Eternalism is the ontological thesis in the philosophy of time asserting that all points in time—past, present, and future—exist with equal reality, contrasting directly with presentism's claim that only the current moment exists.

By Philosopheasy Published on May 23, 2026

Philosopheasy Editorial Ledger

Curated and annotated by the Philosopheasy Editorial Board as part of the series on Ideas Surviving Outside the Algorithmic Consensus. [Estimated reading time: 3 mins]
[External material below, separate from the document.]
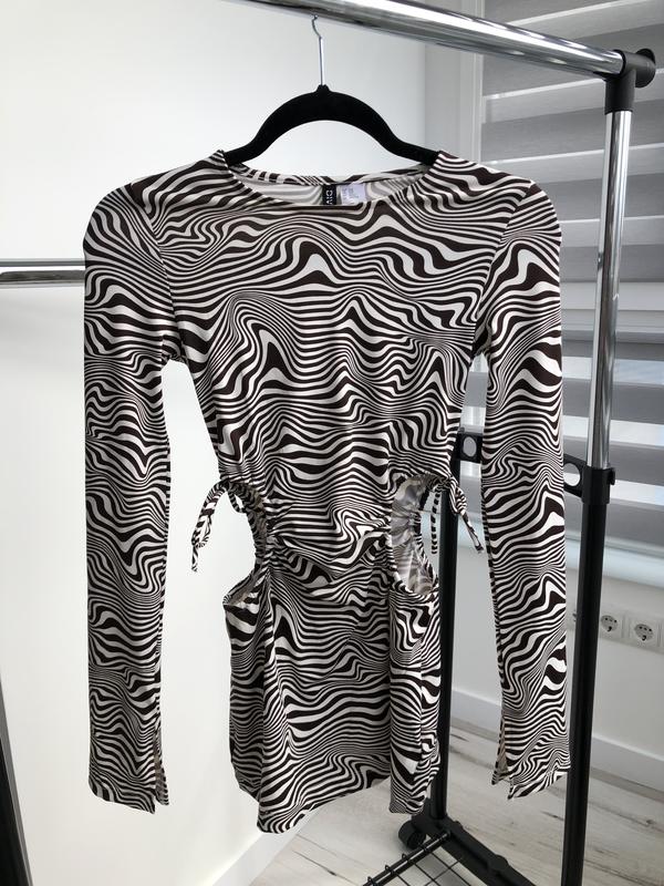 Платье от H&M Размер XXS Интересный принт С маленькими разрезами на рукавах и разрезами по бокам Состояние как новый!

To the eternalist, Julius Caesar crossing the Rubicon, your reading of this sentence, and the eventual burnout of our sun are all equally real, fixed forever at their respective coordinates in the spacetime block. Eternalism is the metaphysical foundation of the block universe theory, asserting that time does not flow or pass; rather, it is a static dimension along which events are permanently arranged.

The B-Theory of Time

In the philosophy of time, eternalism is closely aligned with the "B-Theory of time," a concept introduced by philosopher J.M.E. McTaggart. The B-Theory argues that temporal relations are static. Events do not change from being "future" to "present" to "past." Instead, they are merely "earlier than" or "later than" other events.

For example, the signing of the Magna Carta is eternally earlier than the landing on the moon. This relation never changes. The passage of time is viewed as a subjective illusion of human consciousness, which experiences the static block sequentially.

Key Distinctions of Eternalism

To clarify the ontological status of eternalism, we can contrast its core claims with alternative metaphysical frameworks:

Concept Ontological Status of Past Ontological Status of Future
Eternalism Fully Real Fully Real
Presentism Non-existent Non-existent
Growing Block Fully Real Non-existent

Textual Citations & Primary Sources

  1. J.M.E. McTaggart, "The Unreality of Time," Mind, Vol. 17 (1908). The origin of the A-Series and B-Series distinction.
  2. J.J.C. Smart, "Philosophy and Scientific Realism" (1963). A classic defense of eternalism and the spatialization of time.